Conclave 2013: quanto ci vorrà per eleggere il nuovo Papa?

Dopo le prime schermaglie e trattative, si può ipotizzare l'elezione entro pochi giorni.

Conclave 2013

Chiunque segua le vicende vaticane in questi giorni si sta chiedendo quanto durerà il Conclave 2013 (segui la diretta).

Se si dovesse fare i conti con la storia recente del Conclave, si potrebbe ipotizzare che ci vorranno pochi giorni: negli ultimi 150 anni, infatti, non ci sono state mai più di 11 votazioni per raggiungere in quorum dei due terzi dei cardinali elettori.

Giovanni Maria Mastai Ferretti divenne Papa Pio IX nel Conclave del 1846 con appena 4 scrutini in 2 giorni. Trentadue anni dopo, nel Conclave del 1878, bastano 3 scrutini in 2 giorni a Vincenzo Gioacchino Raffaele Luigi Pecci per diventare Papa Leone XIII.

Giuseppe Sarto, nel Conclave del 1903, diventava Pio X dopo sette scrutini, spalmati su 4 giorni.

Erano 10, ma in tre giorni, gli scrutini per eleggere Giacomo della Chiesa, che prendeva il nome di Benedetto XV, nel Conclave del 1914.

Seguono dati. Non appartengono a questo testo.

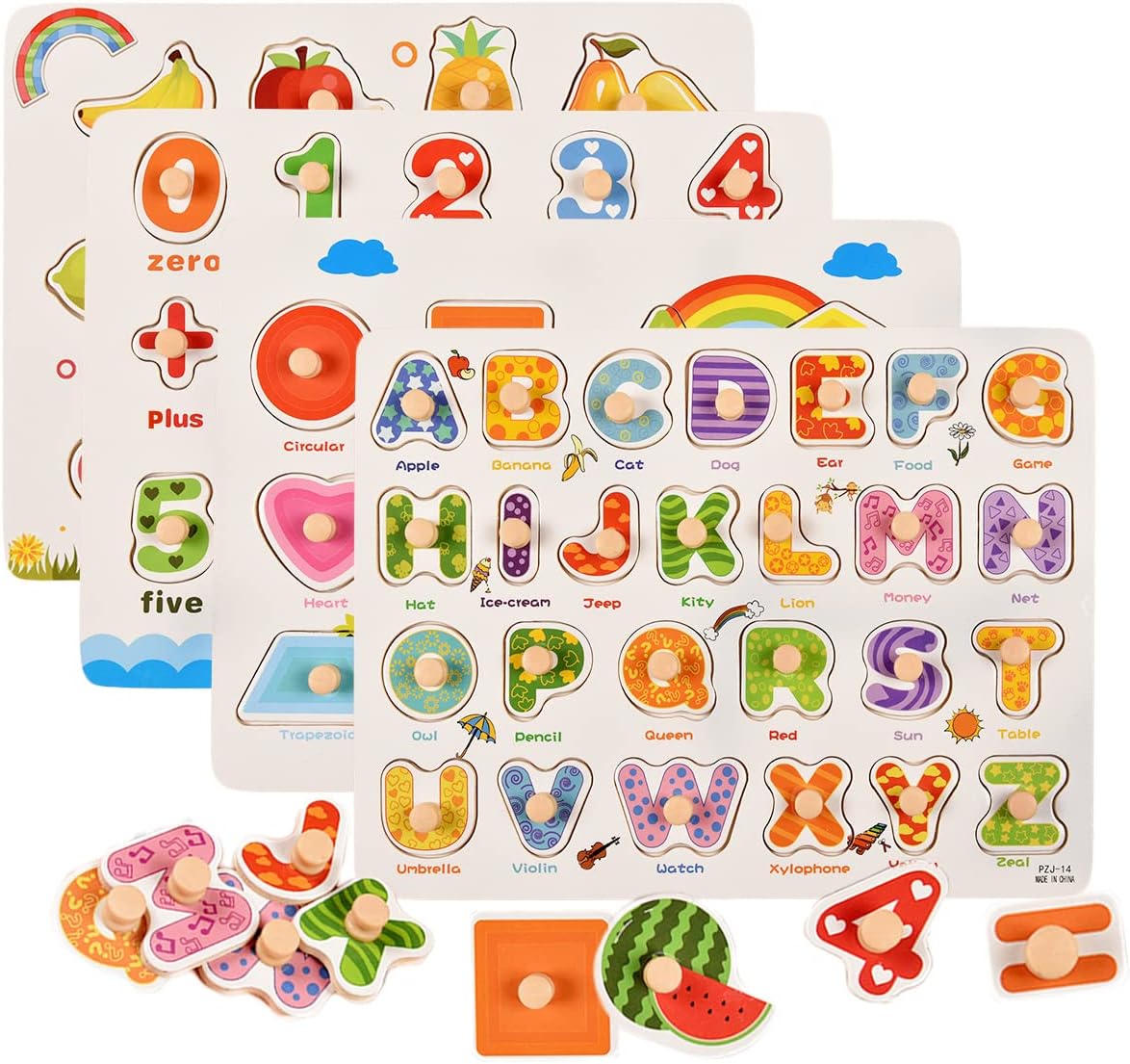 木製パズル 4種類シリーズ 型はめパズル モンテッソーリ パズル 数字学習 図形認知 A・B・C 英・・・
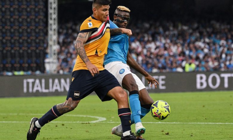 NAPOLI (ITALPRESS) – Festa grande per il Napoli campione d’Italia di Spalletti che, davanti al pubblico delle grandi occasioni, allo stadio ‘Maradonà batte la retrocessa Sampdoria nell’ultima giornata di campionato: 2-0 il finale. Ventottesima vittoria in campionato per gli azzurri che salutano nel migliore dei modi il dimissionario mister Spalletti, principale artefice del terzo scudetto nella storia degli azzurri. Gara a senso unico con il forcing iniziale del Napoli che, dopo tre minuti, si rende pericoloso con Zielinski. Il polacco però manda il pallone alto sopra la traversa da ottima posizione graziando Turk. Al 10′ la risposta doriana con Zanoli che in scivolata calcia in porta, ma Meret neutralizza con una risposta in due tempi. I padroni di casa dominano e, tra il 21′ e il 23′, prima Kvaratskhelia e poi Osimhen sfiorano il gol del possibile vantaggio. Scampato il pericolo, tre minuti dopo la Sampdoria risponde ai partenopei con Quagliarella che di testa, incredibilmente, colpisce male e manda il pallone alto a pochi passi dalla linea di porta nell’ultima occasione da rete del primo tempo. Nella ripresa il Napoli preme il piede sull’acceleratore e, al 62′, Murru investe Osimhen in area blucerchiata. Dopo un breve consulto con il var, l’arbitro Feliciani assegna il calcio di rigore al Napoli, e dagli undici metri Osimhen segna il gol del vantaggio (26esimo centro in campionato e 31esimo della stagione per il nazionale nigeriano). Il Napoli non allenta la sua pressione e, al 70′, il neo entrato Gaetano prova a lasciare la sua firma sul match con una conclusione potente indirizzata all’incrocio dei pali, ma Turk si supera in tuffo e respinge il pallone in angolo. L’undici di Spalletti cerca l’affondo del definitivo ko e, al 40′, Simeone, subentrato qualche minuto prima per Osimhen, dal limite calcia potente sotto l’incrocio per il gol del 2-0. La gara è chiusa ma all’87’ il pubblico del ‘Maradonà si alza è tutto saluta con una standing ovation Fabio Quagliarella che, sostituito da Ivanovic, abbandona il campo in quella che è stata la sua ultima gara nel campionato di serie A con la maglia della Samp.
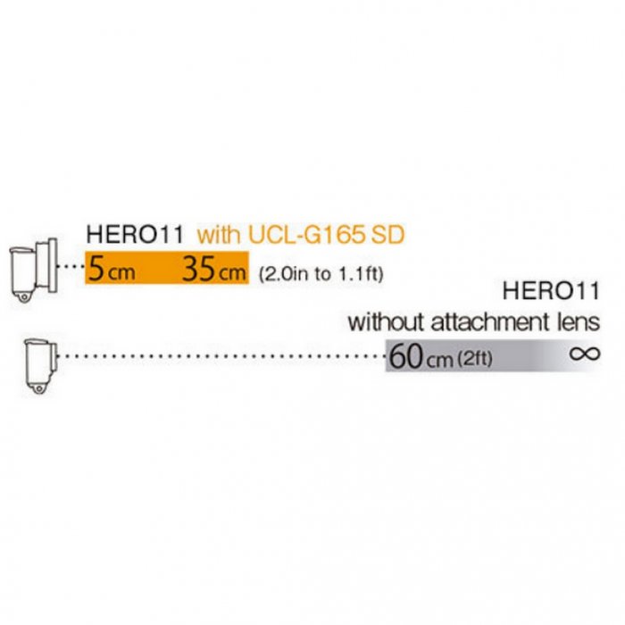 An action camera is a deep focus camera which does not require focusing but prevents a subject gets in focus in close range (within 60cm/2ft range in theory for GoPro® camera) thus not usable for underwater macro shooting. Using standard macro lens for a compact digital camera would not help the situation as it would create vignetting and very shallow depth of field preventing comfortable focusing. The UCL-G165 SD lens is so-called "wide close-up lens" specifically designed for action cameras based on their optical characteristic. The depth of field (DoF) underwater will be 5cm/2.0in to 35cm/1.1ft when using the lens for GoPro® HERO7 Black supporting closer minimum focus distance underwater to capture wow photos/clips.
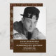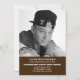 Anúncio de fotos da formatura de adolescente e da casa aberta. Marrom com texto branco e uma grande área de modelo de foto. O nome, a escola e a classe dele são impressos abaixo da foto, juntamente com as informações de celebração. Um padrão de bolas de futebol e baseball cobrir a parte de trás do papel.

Ci vollero, invece, 5 giorni e 14 scrutini per eleggere Achille Ratti, che scelse il nome di Pio XI, nel Conclave del 1922 e appena 3 scrutini in due giorni per Eugenio Pacelli, che divenne Papa con il nome di Pio XIII nel Conclave del 1939.

E ancora: nel Conclave del 1958 venne eletto Angelo Giuseppe Roncalli (Giovanni XXIII), 4 giorni e 11 votazioni (un caso di Papa che entra come tale fin dall'inizio: Roncalli era favoritissimo e confermò i pronostici); 3 giorni e 6 scrutini per Giovanni Battista Montini, che divenne Paolo VI nel Conclave del 1963.

Appena 4 scrutini in due giorni per Giovanni Paolo I (Albino Luciani) nel Primo Conclave del 1978; e durò pochissimo anche il suo pontificato: 33 giorni. Così, nel 1978 si tiene un Secondo Conclave, che vede l'elezione di Giovanni Paolo II (Karol Wojtyla).

A Joseph Ratzinger; infine, bastarono 4 scrutini e due giorni per diventare Papa Benedetto XVI.

Non si vede perché, dunque, le cose dovrebbero andare diversamente quest'anno, a meno di clamorose lotte intestine fra le due "anime" della Chiesa cattolica: quella riformatrice e quella conservatrice.